Jenny shook her head. "But that doesn't apply to my situation. I only wanted God to send my dad to me to help me understand why he died. Certainly God is loving enough and powerful enough to do that."
"Why don't you ask God to show you the truth about the Ouija board?"
Jenny turned to face Alan. "What do you mean?"
"Why don't you ask Him to tell you where the Ouija board's answers come from?"
Alan's suggestion echoed in Jenny's ears when she sprawled out on the floor of Carol's room the next day. She told her friend about their conversation.
Carol grimaced. "He's making too big a deal out of this game. It's not really divination. As long as it helps you, it's gotta be good, right? And if it's good, it's gotta be from God."
"That's what I think," Jenny said.
Carol's face relaxed into a smile.
"But I want to be sure," Jenny added. "I've asked Jesus to show me where the Ouija board's answers come from."
"Why don't we ask the Ouija board?" Carol headed for her closet and pulled out the game.
"We already did and it said dad," Jenny reminded her.
"So what's the problem?" Carol asked.
"What if it's not my dad?"
"Then it's our own minds. Either way, it's harmless," Carol said.
"I suppose so."
Carol opened up the board and put it in front of Jenny. Let's find out."
When everything was in position, Jenny looked firmly at the planchette and said, "I want to know the truth." Before she could state the question, the pointer started to move.
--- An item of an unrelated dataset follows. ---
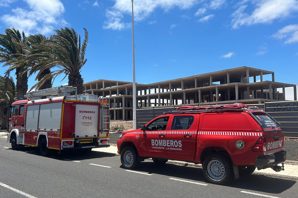 Los bomberos del Consorcio de Seguridad y Emergencias intervinieron junto al Servicio de Urgencias Canario (SUC) a la atención de un hombre accidentado, en estado crítico, en el ‘esqueleto’ de un hotel ilegal en Costa.

The girls watched it go to one letter after another. It moved so quickly, it seemed alive. As they realized what it was spelling, Jenny gasped and covered her mouth with her hands. Even without her fingers on the pointer, it still moved. Until at last it had finished.
Carol's fingers still seemed glued to it. "It can't be true," she said. "Don't believe it, Jenny. It can't be true."